■ Extracted entries:
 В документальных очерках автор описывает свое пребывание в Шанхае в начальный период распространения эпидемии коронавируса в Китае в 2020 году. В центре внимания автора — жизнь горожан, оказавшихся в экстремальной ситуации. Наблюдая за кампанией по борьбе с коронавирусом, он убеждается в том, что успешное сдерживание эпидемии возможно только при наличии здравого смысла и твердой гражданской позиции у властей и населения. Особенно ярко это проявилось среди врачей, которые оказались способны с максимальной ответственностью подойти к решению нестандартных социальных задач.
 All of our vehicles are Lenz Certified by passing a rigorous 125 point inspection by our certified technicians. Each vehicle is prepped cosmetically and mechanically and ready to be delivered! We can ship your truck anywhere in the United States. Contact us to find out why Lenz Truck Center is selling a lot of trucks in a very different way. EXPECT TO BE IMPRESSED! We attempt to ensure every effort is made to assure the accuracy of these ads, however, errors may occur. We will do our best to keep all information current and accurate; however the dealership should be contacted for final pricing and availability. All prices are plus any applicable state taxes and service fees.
...
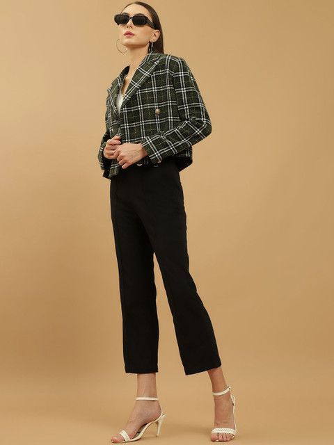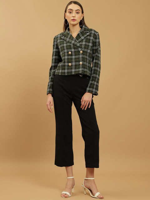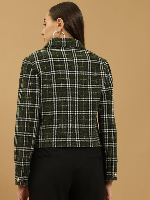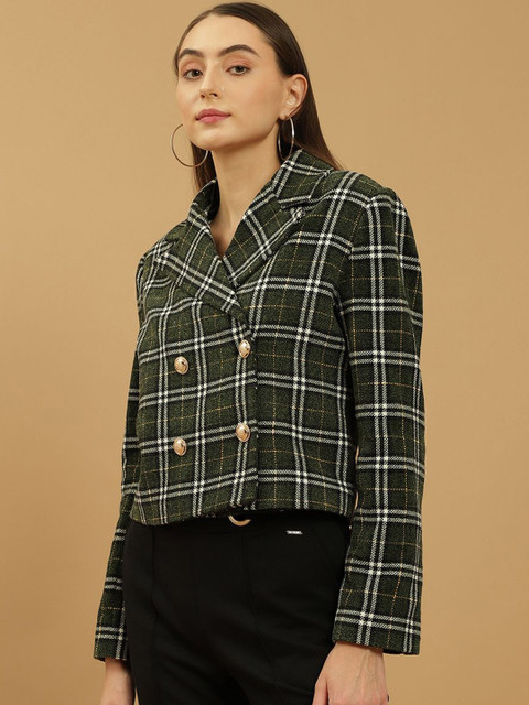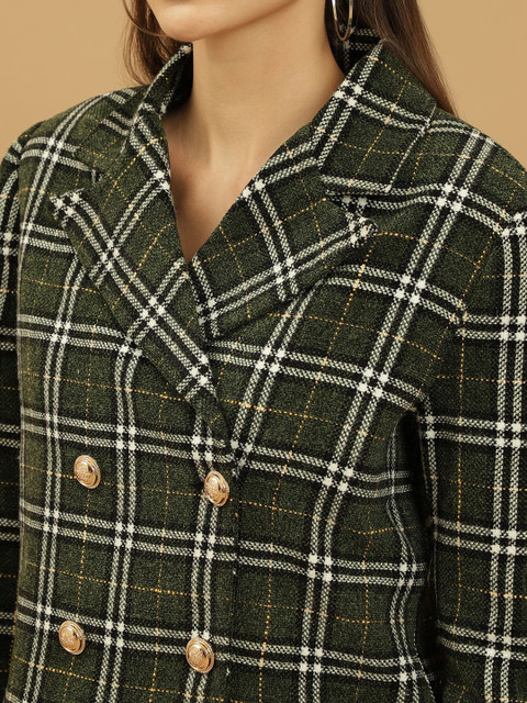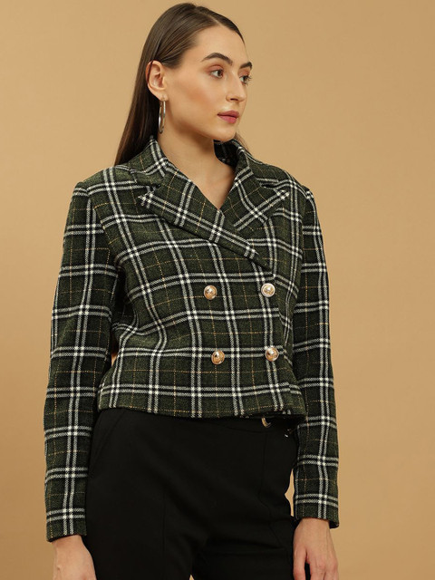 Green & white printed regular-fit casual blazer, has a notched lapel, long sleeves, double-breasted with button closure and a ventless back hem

■ Work to complete: Reproduce exactly, and with no other material, the lines between those holding "В документальных очерках" and "All of our vehicles", inclusive.

■ Result:
 В документальных очерках автор описывает свое пребывание в Шанхае в начальный период распространения эпидемии коронавируса в Китае в 2020 году. В центре внимания автора — жизнь горожан, оказавшихся в экстремальной ситуации. Наблюдая за кампанией по борьбе с коронавирусом, он убеждается в том, что успешное сдерживание эпидемии возможно только при наличии здравого смысла и твердой гражданской позиции у властей и населения. Особенно ярко это проявилось среди врачей, которые оказались способны с максимальной ответственностью подойти к решению нестандартных социальных задач.
 All of our vehicles are Lenz Certified by passing a rigorous 125 point inspection by our certified technicians. Each vehicle is prepped cosmetically and mechanically and ready to be delivered! We can ship your truck anywhere in the United States. Contact us to find out why Lenz Truck Center is selling a lot of trucks in a very different way. EXPECT TO BE IMPRESSED! We attempt to ensure every effort is made to assure the accuracy of these ads, however, errors may occur. We will do our best to keep all information current and accurate; however the dealership should be contacted for final pricing and availability. All prices are plus any applicable state taxes and service fees.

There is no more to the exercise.